Tuesday, January 5, 2010

The SEC shouldn't investigate hedge fund frauds

In this story we get a taste of the new vigor instilled in the SEC's enforcement division. This is mis-directed effort.

Every investor in a hedge fund makes it in one of two ways:
  • "I am a smart and/or rich person who is qualified on his/her own knowledge to make an investment without the usual protections of public offerings", otherwise called using 3(c)1 or 3(c)7 exemptions,
  • "I invest in an offshore company to skirt the laws, protections and taxes of the United States, and subject myself to the rules of a foreign nation", otherwise called investing in an offshore fund.
In the first case, these investors have chosen to avoid regulation.  Why should we dedicate limited SEC investigative resources to investors who have opted out?  They make their bed when they invest, let them sleep in it.  The SEC should be spending its time on protecting people who are playing in the system that's designed to be "safer".
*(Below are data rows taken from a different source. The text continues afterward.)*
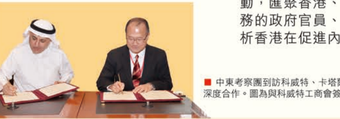
中東考察團到訪科威特、卡塔爾、阿聯酋，推動香港與中東深度合作，圖為與科威特工商會簽訂合作備忘錄。

往來的優勢和作用，為本地工商和全球華商搭建交流平臺。該會亦不忘傳承，培育後起之秀，與香港數碼港合辦「中總世界青年華商交流會」，推動各地青年華商交流合作。中總向來不遺餘力推進香港與海內外工商界加強聯繫合作，推動會員企業做好與內地和海外市場對接工作。該會將陸續組團出訪不同國家，推動香港和內地工商企業加強與東盟、歐盟、「一帶一路」企業合作，同時向外推介香港的產業和服務優勢。此外，該會亦組織海外工商團體、領事等前往大灣區交流，透過親身體驗內地及海外市場發展情況，探索商機，用行動說好中國故事、大灣區故事、香港故事。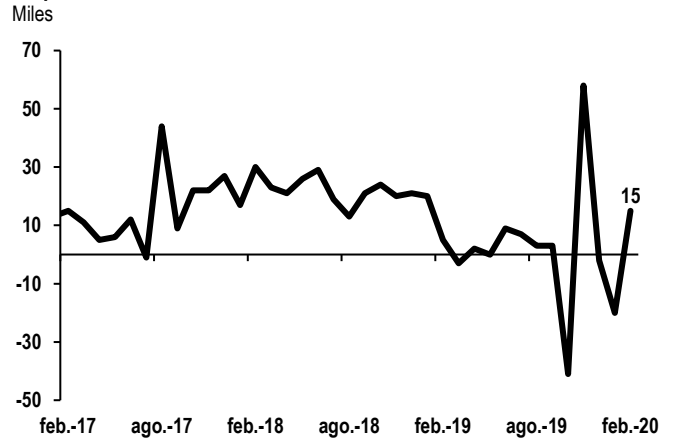
Empleos creados en el sector manufacturero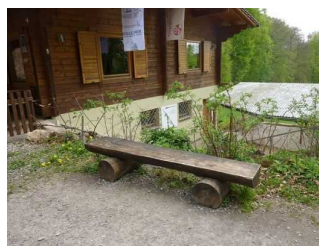
Sitzgelegenheit auf Weg zu Höhleneingang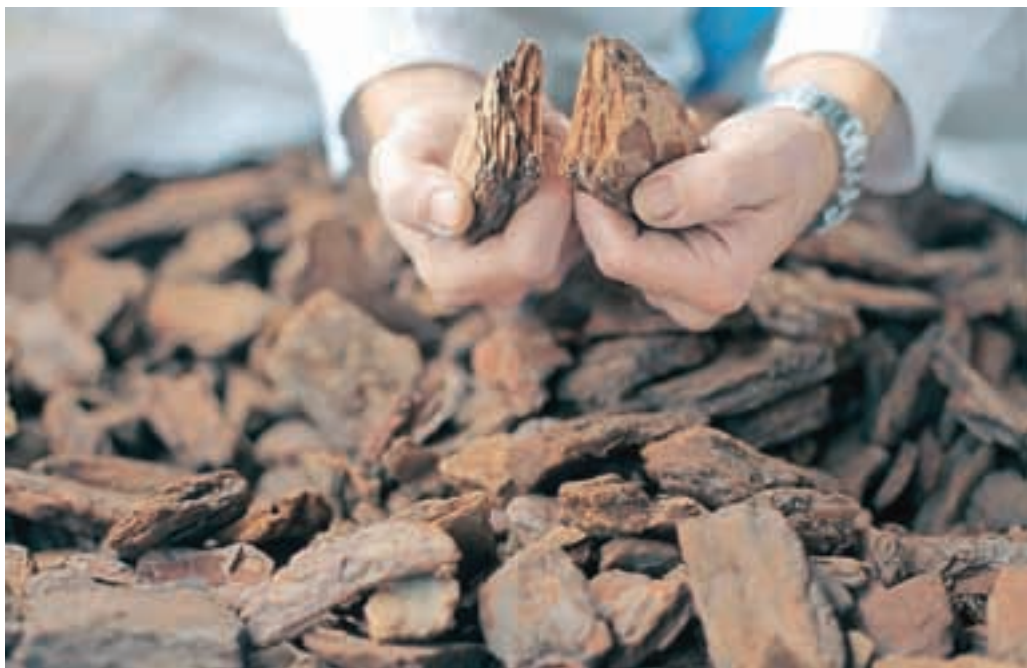
Kose lubja z značilno rdečkasto barvo ročno prebere, nato zmelje, skuha in izsuši.

By far, the majority of investors in hedge funds use offshore vehicles.  Managers prefer that.  Many times investors prefer that, and only go onshore when they have no alternative.  There's a whole industry of people providing mechanisms to "get offshore".  You cannot really separate investigations of onshore and offshore funds for a given manager.  They're too intertwined.  So, why should we worry about protecting investors who have not only opted out of SEC protections, they've opted out of the protections of the US legal system?  Heck, they don't even pay taxes to support the cost of the SEC!!